Its just like searching for people hosting Metallica songs except now they will be "checking" to see if its really a metallica song. Before, they were just doing a keyword search. The idea of verification that it really is a pirated song is good, now they just need something to find the fingerprint.

I'm not saying Napster or p2p is bad or good, I'm just saying that it needs work. As for it being a bot, since Napster wants to "comply" they'll surely let it run. But what about all the Napster and Napster Server clones?

... that are subsequently used for "evil". =)

[rakslice]

EMusic's Napster-seeker software uses Relatable's TRM engine to do the "acoustic signature" matching that takes care of non-bit-for-bit copies.

Let Me Get This Straight ....

[StormyMonday]

They go through Napster to find cuts with "their" particular MD5 checksum. Every ripper, of course, creates bit-by-bit identical .mp3 files (needed to get the same MD5).

Looks to me like it would be useful only for detecting stuff that was downloaded from a "legitimate" source (are there any?) and put unchanged onto Napster.
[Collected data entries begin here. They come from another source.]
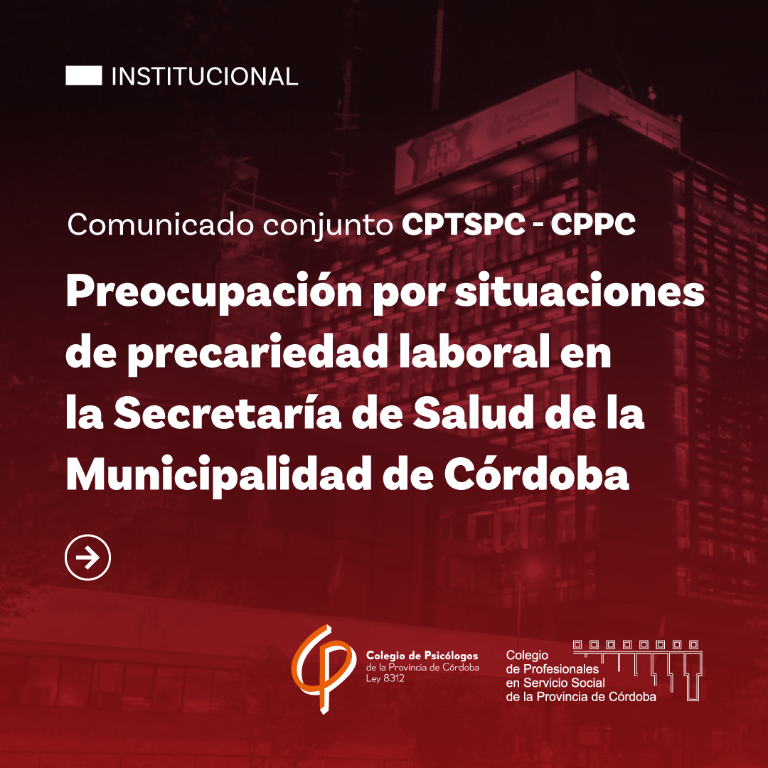 El Colegio de Profesionales en Trabajo Social de la Provincia de Córdoba (CPTSPC) y el Colegio de Psicólogos de la Provincia de Córdoba (CPPC) manifiestan su preocupación ante la persistencia de situaciones de PRECARIEDAD LABORAL DE PROFESIONALES TRABAJADORAS/ES SOCIALES Y PSICÓLOGAS/OS que se desempeñan en la Secretaría de Salud de la Municipalidad de Córdoba.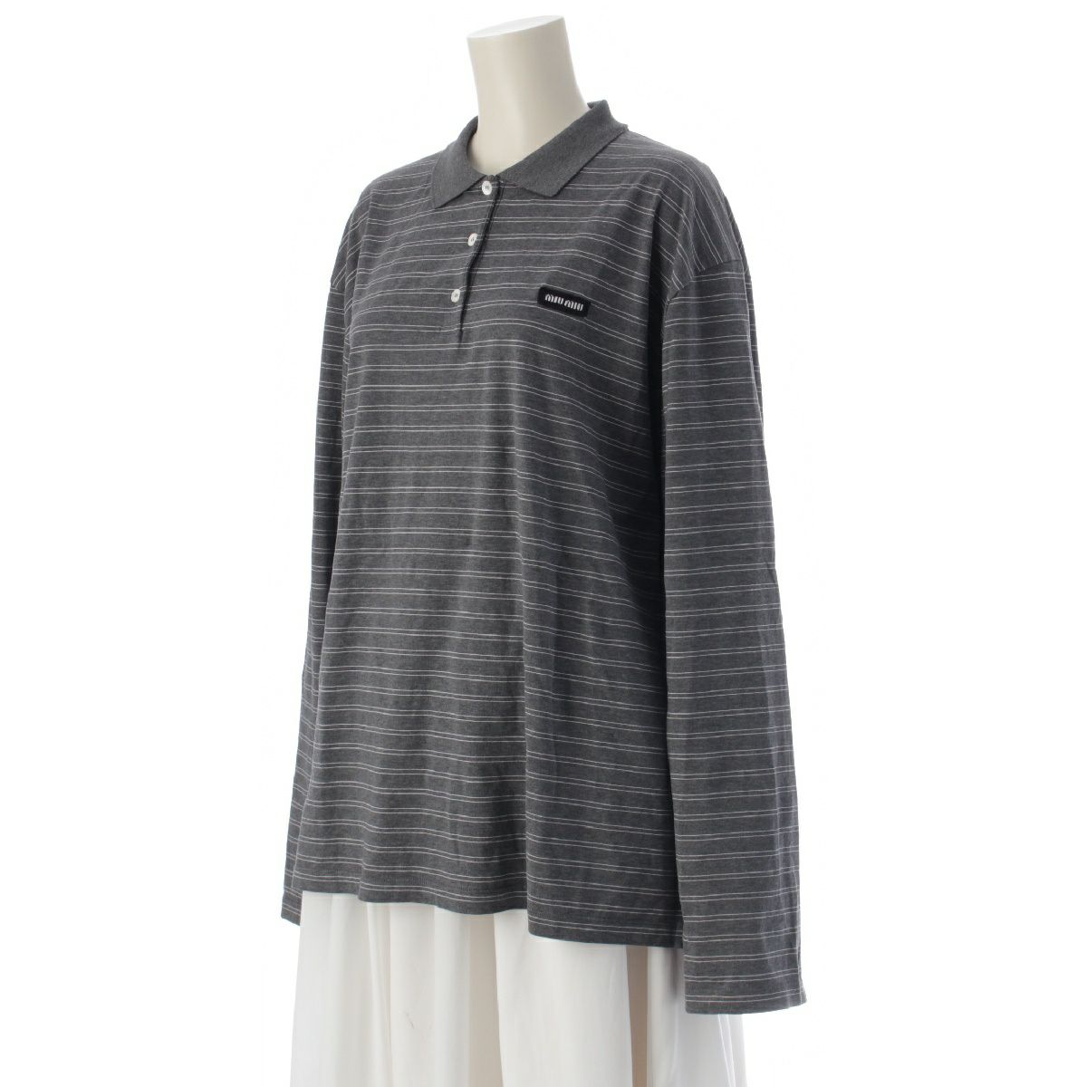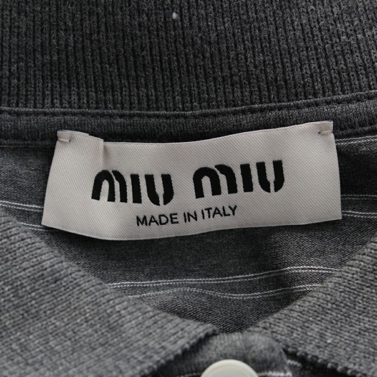ミュウミュウ 25SS コットン ロゴ ジャージ ポロシャツ ジャージ トップス 長袖 MJL015 グレー ブラック M
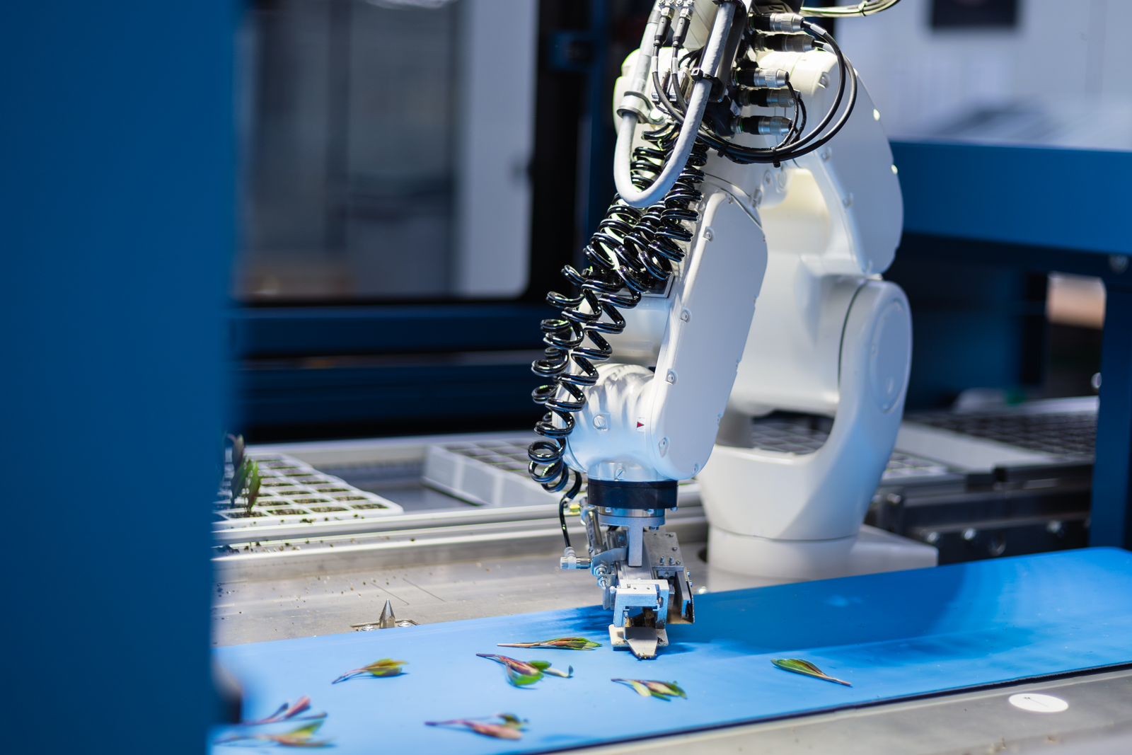 The camera system assesses the cuttings using the TTA-ISO CuttingVision system. Only qualified cuttings are then planted into the plug tray with the robotic arm. Rejected or duplicated cuttings are returned to the operator's position by a return system.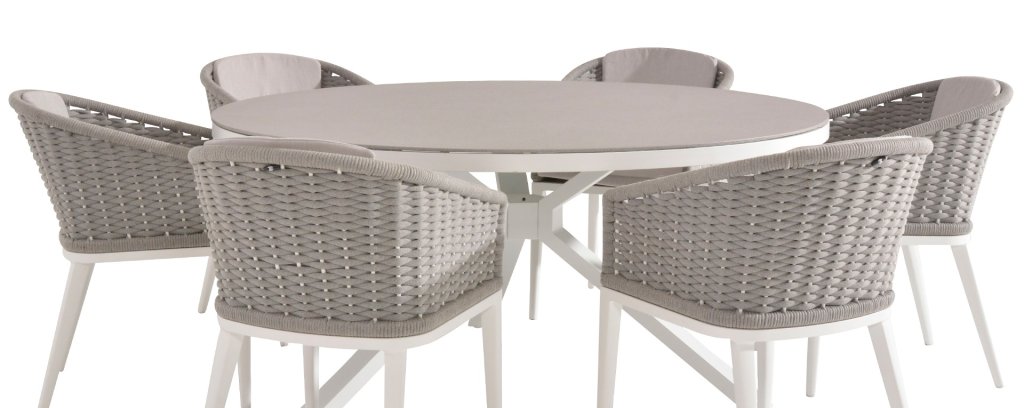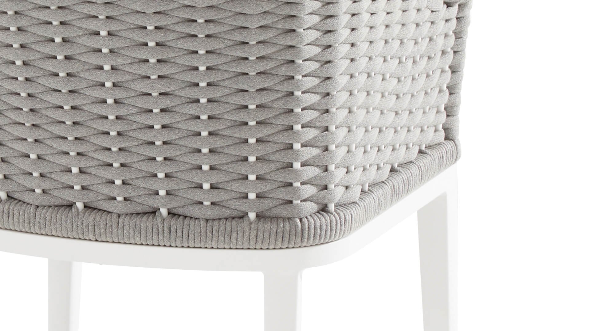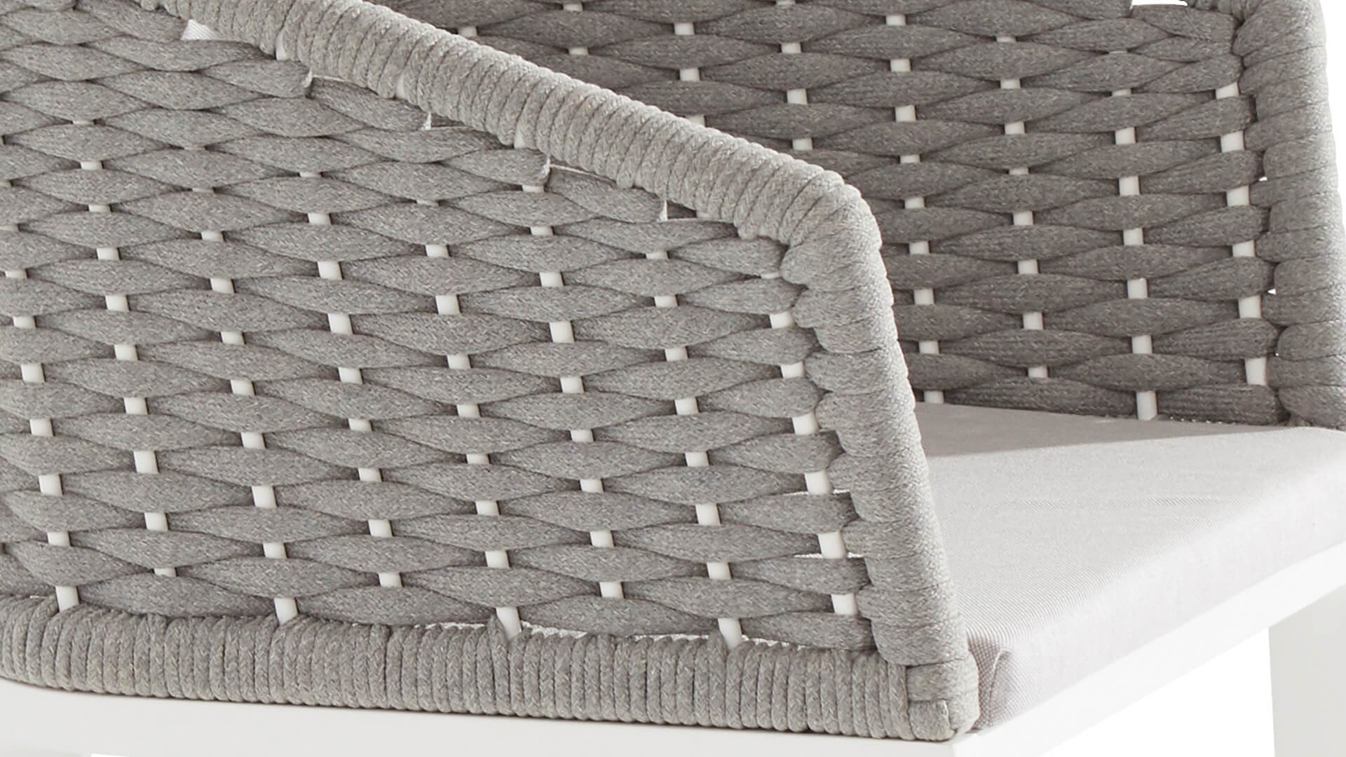 De Taste Portobello Dining is in white aluminium te verkrijgen als ook in het Matt Carbon aluminium, de White is gecombineerd met een Grey kleurig rope en de Matt Carbon met een Antraciete kleurig rope. Het Taste by 4 Seasons Portobello frame is omvlochten en zodanig geweven met synthetische wicker, in de vorm van touw (Rope), dat een comfortabele en "zachte" touch ontstaat.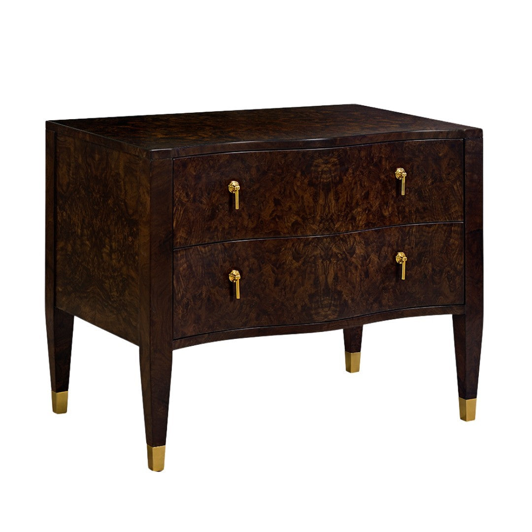 Our Serpentine Nightstand features a smooth top, a serpentine front, two equal size storage drawers, brass drop hardware, tapered legs, and brass ferrules
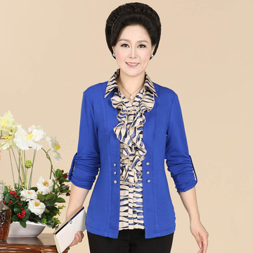 2015中老年新款女裝 中年媽媽裝假兩件長袖t恤 休閑媽媽裝t恤批發(fā) /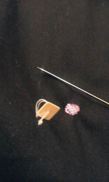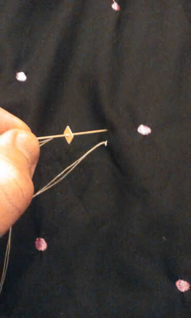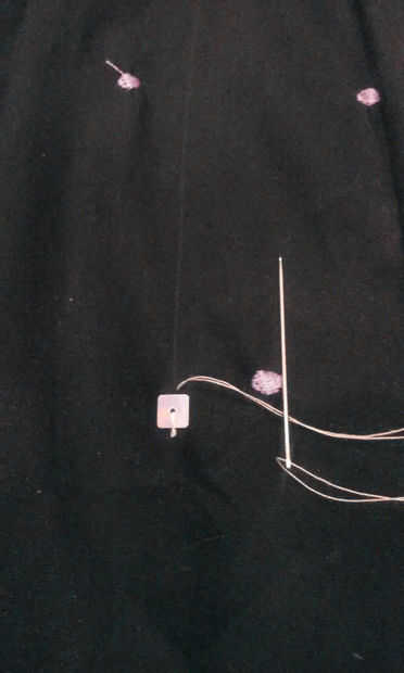 Enhebre la aguja y poner un nudo donde irá el centro inferior de la primera lentejuelas. Se trata de 1/8" por debajo del fondo Cruz marca. El cequi primero (blanco) del hilo de rosca y correr la aguja a través del centro de la primera marca cross. Pase la aguja a través a la manera de medio lado superior entre el borde superior de las lentejuelas y la siguiente marca de la Cruz (1/8" por encima de las lentejuelas). Tire del hilo firmemente bastante para hacer el cequi mentira plana, pero no tan fuerte que el tejido empieza a reunir.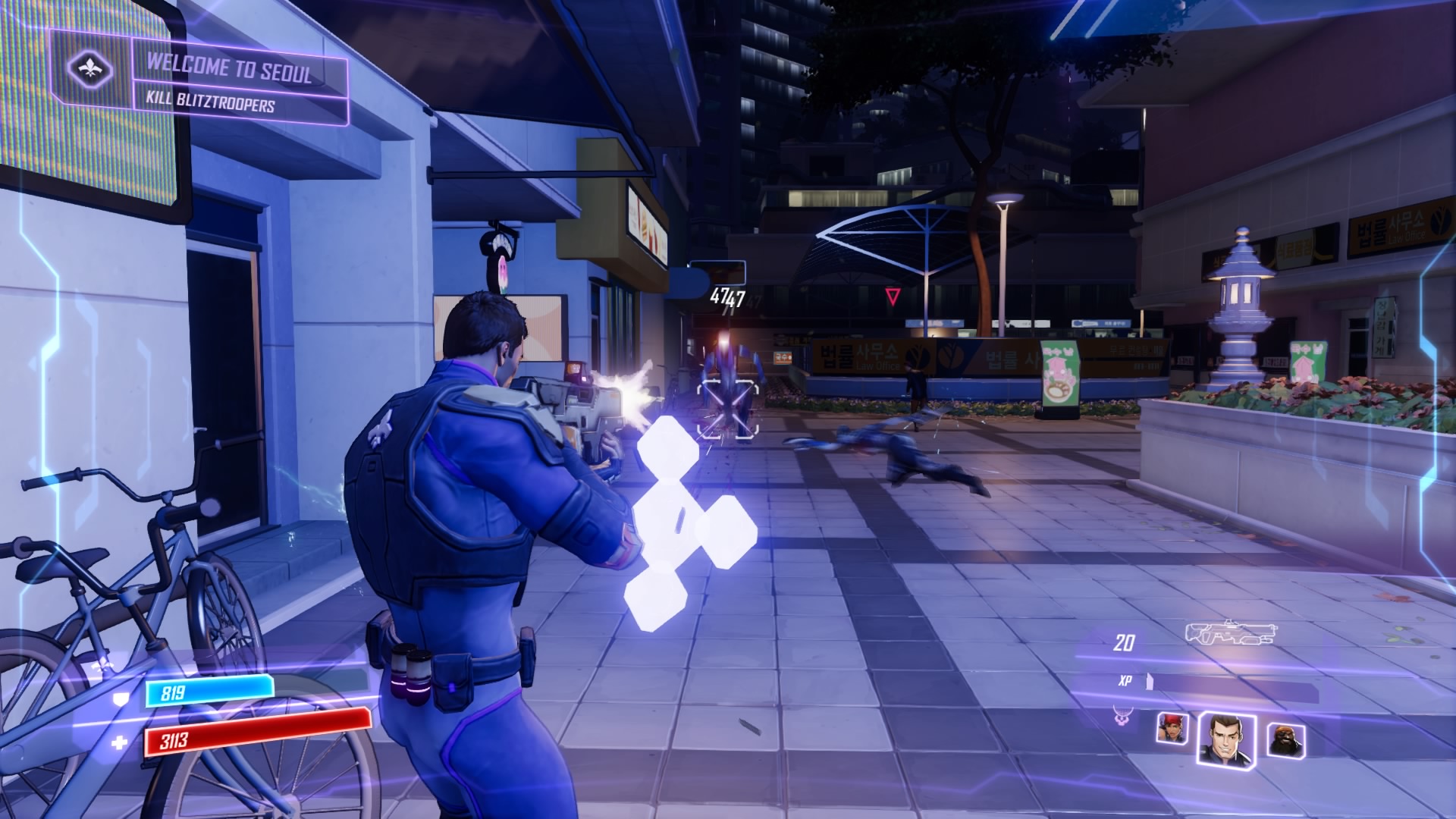 REWARD: For completing this mission, you’ll also unlock an Upgrade Core. These can be collected by completing Wreck Room challenges, or after collecting 10 shards in Seoul. Use them to unlock core upgrades – each agent has three.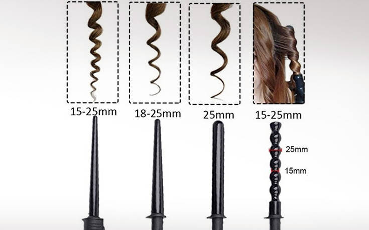 - 4 διαφορετικά αποσπώμενα εξαρτήματα για δημιουργία διαφορετικού τύπου μπούκλας, εκ των οποίων 2 με κωνικό σχήμα για χαλαρές και σφικτές μπούκλες ανάλογα τη χρήση (13mm - 25mm) και εξάρτημα για κύματα
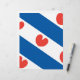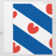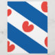 Drapeau de la Frise, une province de la Pays-Bas. Il se compose de bandes diagonales bleues et blanches; dans les bandes blanches sont pompeblêden rouge, feuilles du nénuphar jaune, qui peut rappeler un des coeurs, mais selon les instructions officielles "ne doit pas être en forme de coeur".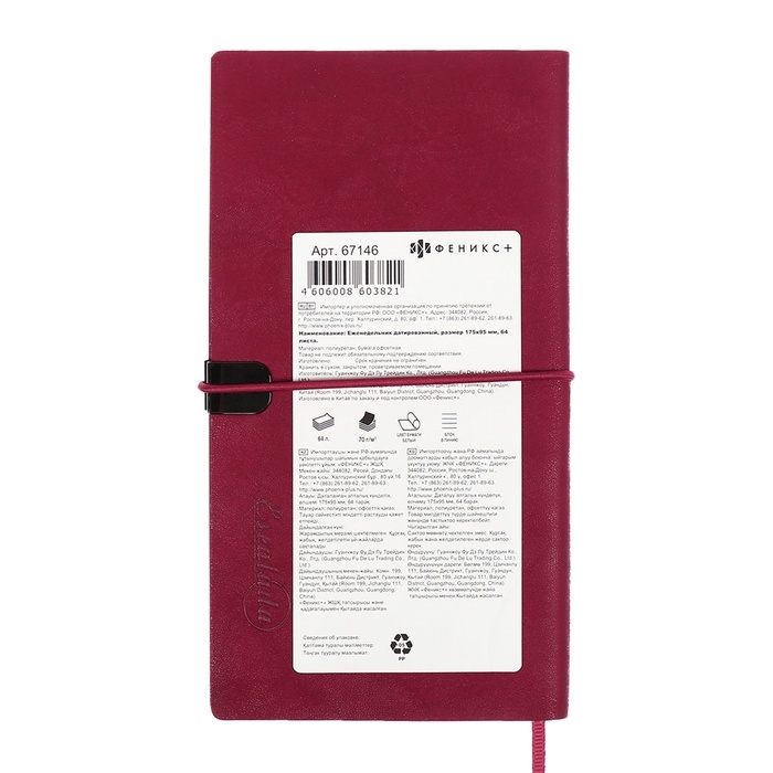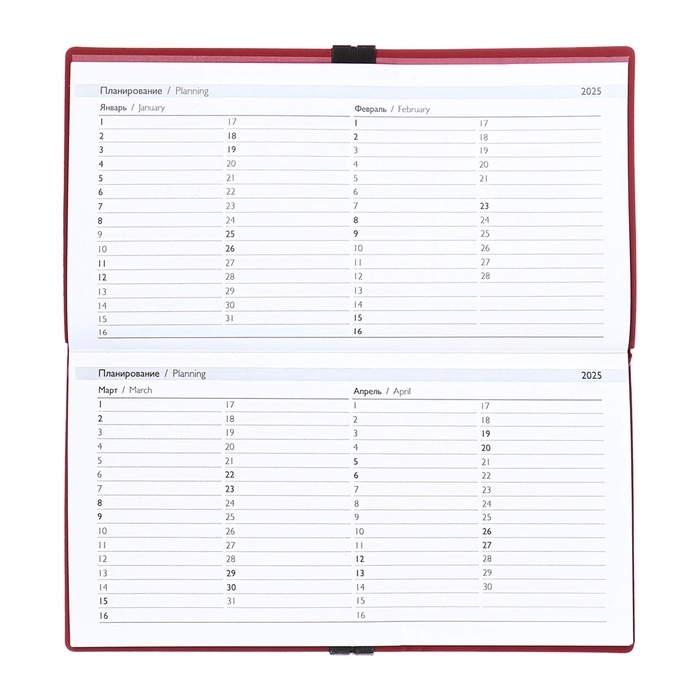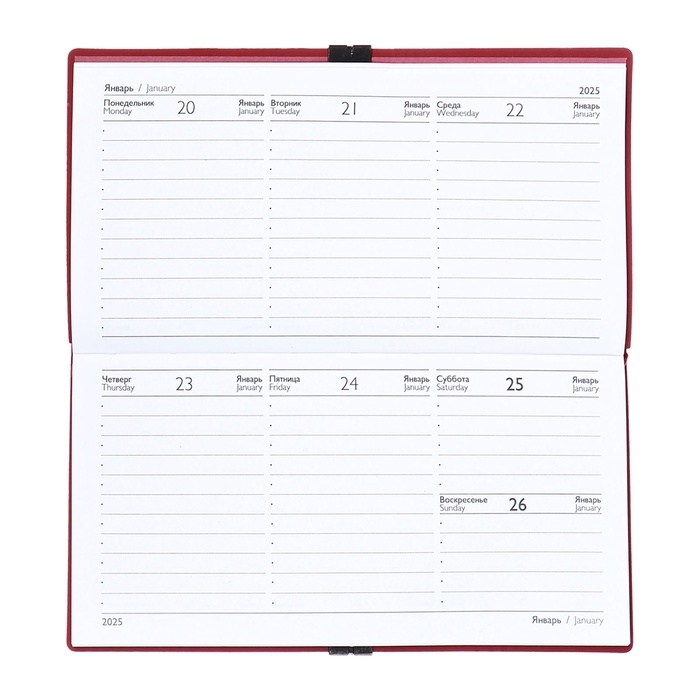 Еженедельник датир 2025г 175х95мм мягк обл иск кож 64л ESCALADA, бл тис, бл 70 г/м²,красный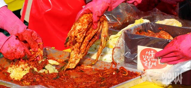 14일 서울시청 앞 광장에서 열린 '2014 한국야쿠르트 사랑의 김장나누기' 행사에서 참석자들이 김장을 하고 있다.

As soon as Napster starts letting the record companies run bots against their servers, they're dead meat. All the record companies have to do is look for people serving stuff that *might* be theirs, and then download it to check it out. Of course, they'll have to keep downloading it to see if it has changed. Bandwidth? What bandwidth?

--

EMusic & TMBG - little off topic

[BilldaCat]

Just thought I'd pass the word along on this really good deal they have.

Mmm, TMBG fleece jacket.

EMUSIC pulls your plug

[R_V_Winkle]

The article says if you are determined to be distributing illegal/unauthorized copies then
Emusic can "request" that your account with your ISP can be suspended? Yet this thing isn't even out there yet and everyone is already talking about how the MD5 fingerprint is easy to modify. Does this mean they will scan for popular modified copies too? Then will they report me to my isp because I am making available an mp3 that in reality doesn't belong to them but by some strange coincidence matches one of the MD5 signatures they are scanning for. This all sounds way too iffy to me for them to have their thumb on my freedom to be on the internet.
Napster will hopefully evolve into a marketable delivery method for today's media but letting some half-cocked geeks who only spent three weeks thinking about it scan my computer for possible terminable material, well that is just not something that sounds very legal or intelligent for that matter.